Because the controller process never exits, the expensive XLA recompile is skipped and recovery is fast.

Note

This demo shows recovery via checkpoint restore on a fixed mesh: when a slice is lost, Pathways waits for a replacement, then all slices restore from the last committed checkpoint. It does not show elastic degradation (continuing on fewer slices at reduced throughput), which requires dynamic mesh resize and is not covered here.

1. Prerequisites#

This guide assumes you already have a Pathways-enabled GKE cluster created with xpk, and a MaxText Docker image in your Artifact Registry.
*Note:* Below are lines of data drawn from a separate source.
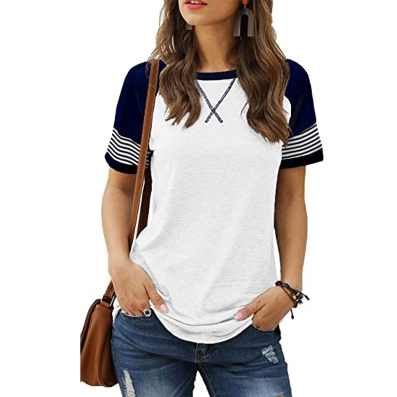 Stitching Faded Short-sleeved Ladies Casual T-shirt White 2XL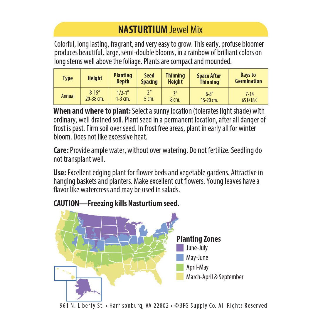 Colorful, long-lasting, fragrant, and very easy-to-grow. This early, profuse bloomer produces beautiful, large, semi-double blooms, in a rainbow of brilliant colors on long stems well above the foliage. Plants are compact and mounded. Excellent edging plant for flower beds and vegetable gardens. Attractive in hanging baskets, planters, and make excellent cut flowers. Young leaves have a flavor like watercress and may be used in salads.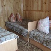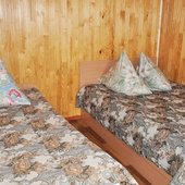 Для размещения предлагаются уютные восьмиместные домики и двухэтажная гостиница с номерами. Питание гостей предусмотрено в кафе, по системе заказного меню. Комплекс подойдет для проведения банкетов и корпоративов, а так же отдыха дружеской компанией, семейного отдыха и любителям активного времяпрепровождения!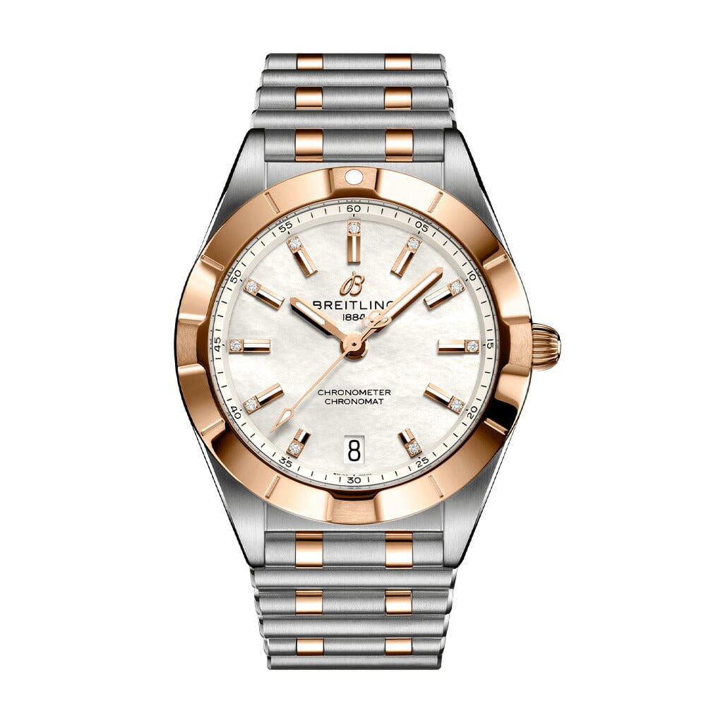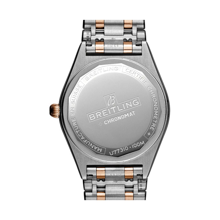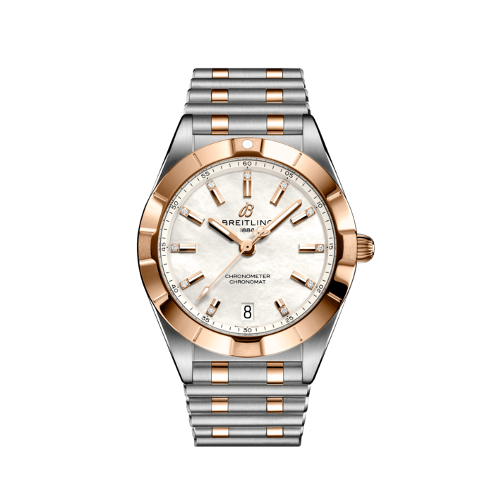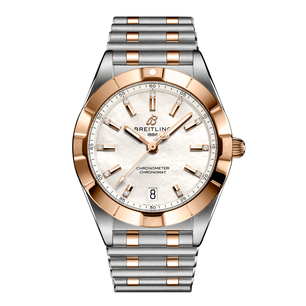 Stylish yet elegant, the modern-retro inspired Chronomat 32 is the versatile sporty and chic watch for any occasion. It is available in an array of metal cases, from cool stainless steel, to goes-with-everything bicolor, or even luxurious 18k red gold. Women craving extra sparkle will also be able to opt for diamond-set bezels, indices, and colorful dials. Featuring Breitling’s iconic and comfortable “Rouleaux” bracelet with a butterfly clasp, the Chronomat 32 is powered by the Breitling Caliber 77, a COSC-certified SuperQuartz™ chronometer.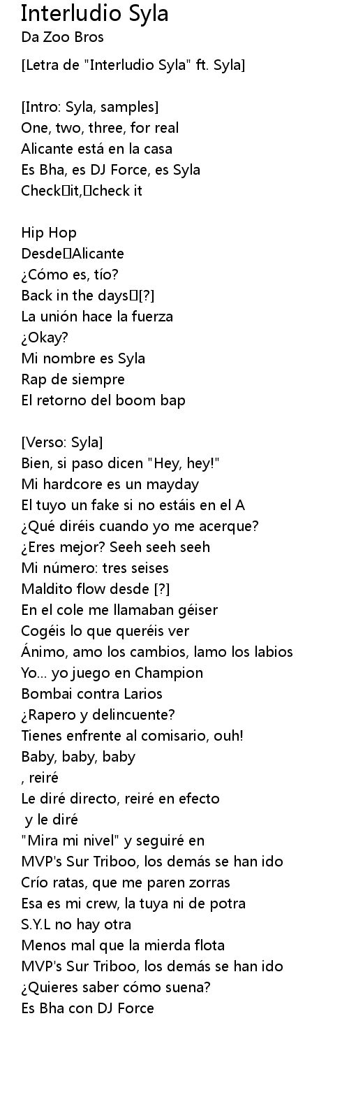 | [Letra de "Interludio Syla" ft. Syla] | |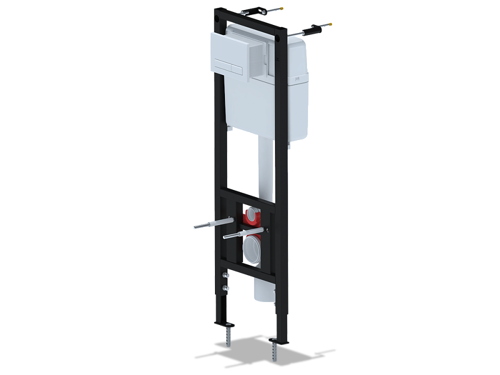 Монтаж: инсталляция крепится к капитальной стене с помощью 4 точек (2 в пол, 2 в стену), после чего конструкция зашивается влагостойким гипсокартоном и декорируется плиткой. Обслуживание арматуры осуществляется через клавишу смыва.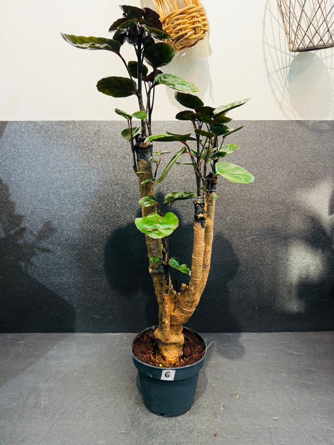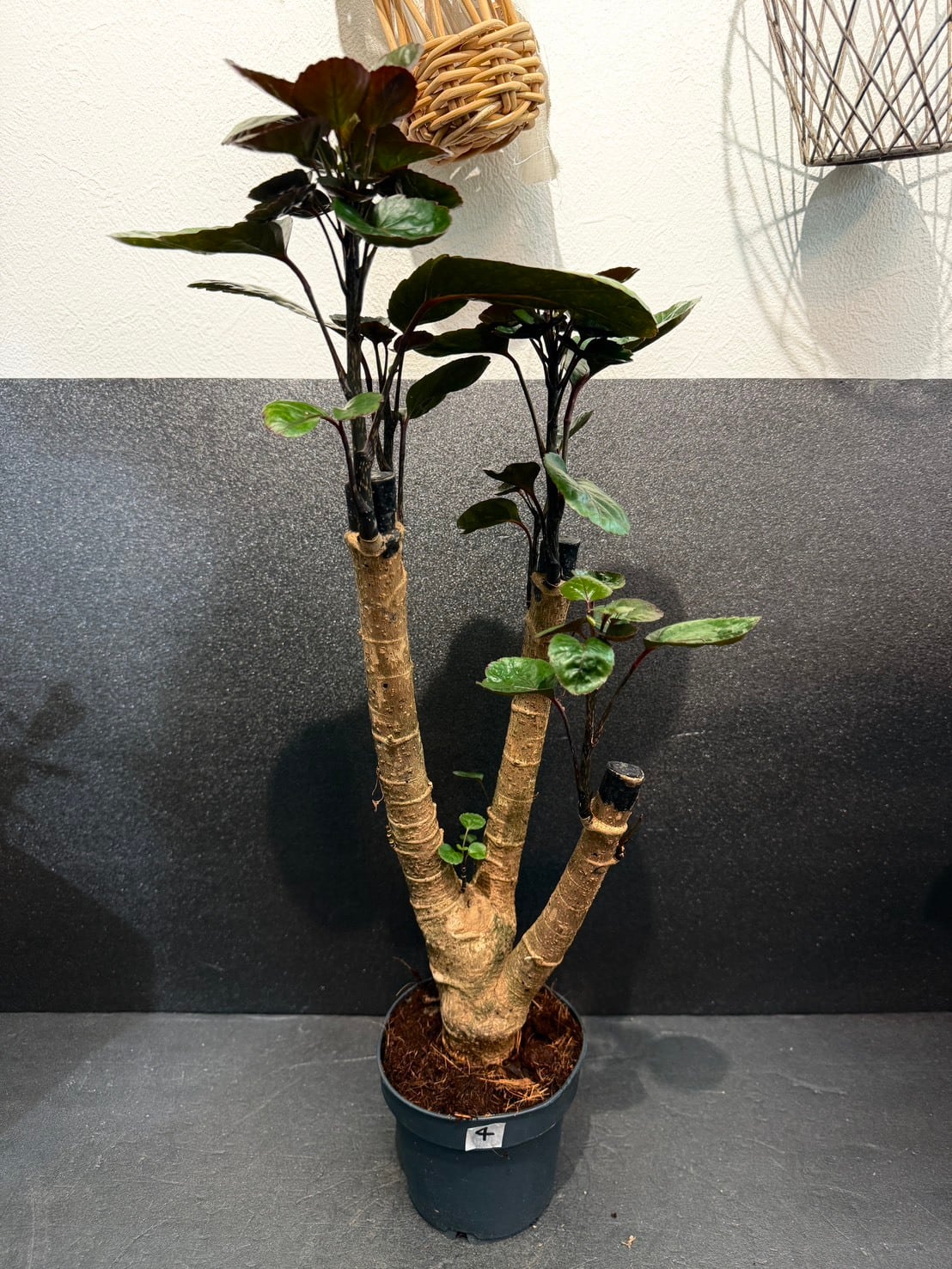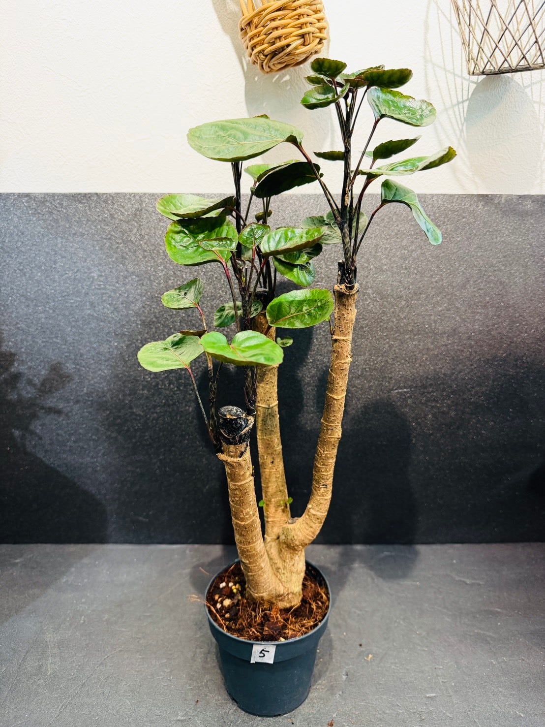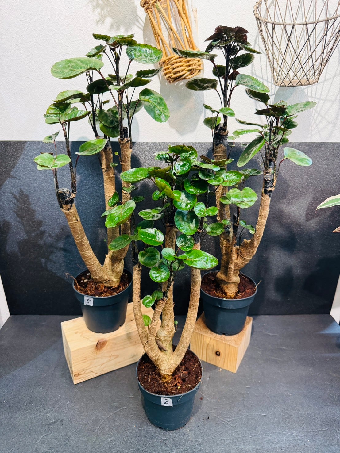 ポリシャス・ファビアンは、フリスビーのような厚みのある丸い深緑の葉と、太く安定感のある幹が特徴の観葉植物です。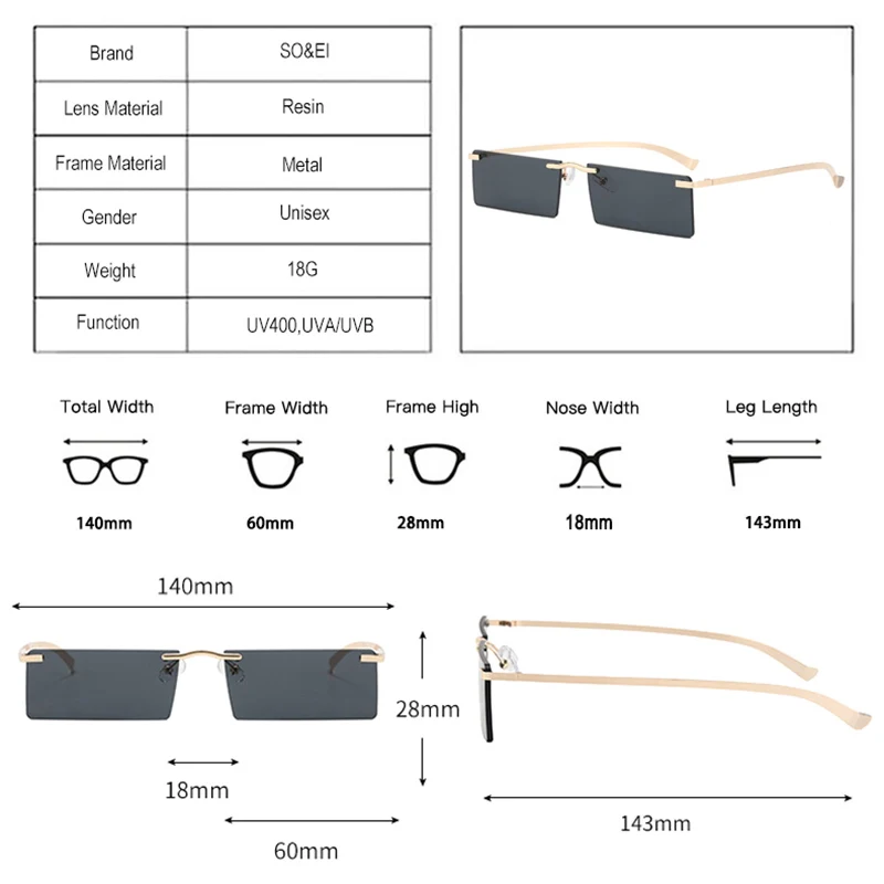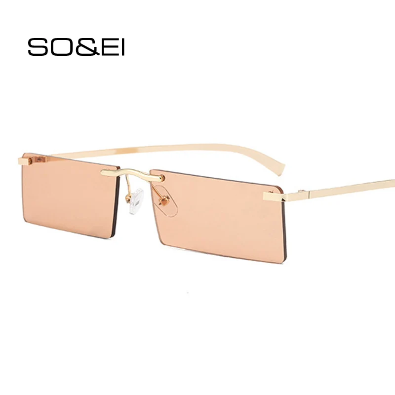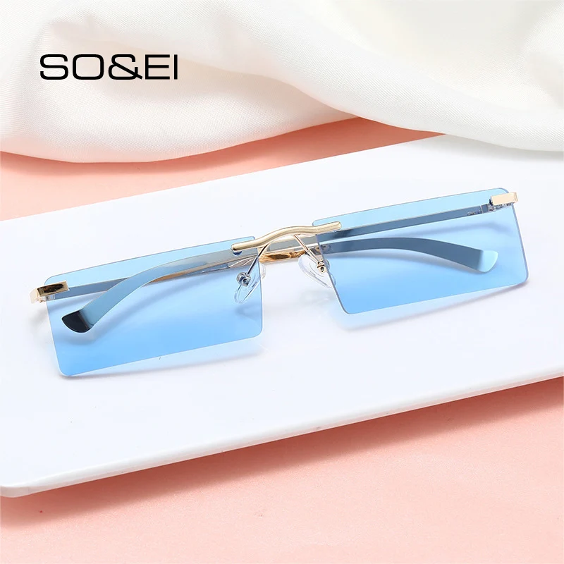 Женскиемужские солнцезащитные очки без оправы SO EI, небольшие прямоугольные очки без оправы, с прозрачными океанскими линзами, с защитой UV400

If you don’t:

  1. Install XPK and create a Pathways GKE cluster. Follow Running MaxText with XPK and the Pathways & XPK cluster guide. Cluster creation and management is out of scope for this page.

  2. Build and upload the MaxText Docker image. See Build MaxText.

Note

If you installed xpk inside a Python virtual environment (venv), reactivate it (e.g., source <VENV_NAME>/bin/activate) in any new terminal before running xpk commands, or you will hit a Command xpk not found error.

2. Environment configuration#

Set these environment variables in your shell. Replace the placeholders with your own values.

# Google Cloud Configuration
export PROJECT_ID=<GCP project ID>
export ZONE=<GCP location>        # e.g., 'us-central1'
export GKE_CLUSTER=<cluster name> # your Pathways-enabled cluster

# Workload Configuration
# Kubernetes requires workload names to be valid DNS labels (lowercase, no underscores/periods).
export RUN_NAME="elastic-qwen3-$(date +%Y%m%d-%H%M%S)"

# TPU type and slice count. For supported types see src/maxtext/utils/accelerator_to_spec_map.py.
export TPU_TYPE="v5litepod-16"  # one slice = 16 v5e chips
export NUM_SLICES=3             # total slices in the run

# MaxText & Storage Configuration
export BASE_OUTPUT_DIRECTORY=<gcs bucket path>  # e.g., gs://my-bucket/maxtext-runs
export DOCKER_IMAGE="gcr.io/${PROJECT_ID?}/<your maxtext image>"

3. Launch the elastic workload#

Submit the run with xpk workload create-pathways. Two sets of flags make it elastic:

  • On the xpk side, --elastic-slices tells Pathways how many slices the workload is allowed to lose and keep going, and --max-slice-restarts caps how many times a slice’s workers may be restarted.

  • On the MaxText side (inside --command), elastic_enabled=true turns on the elastic_retry wrapper, and enable_single_controller=True runs training through Pathways. checkpoint_period is kept small so a recovery rewinds only a little.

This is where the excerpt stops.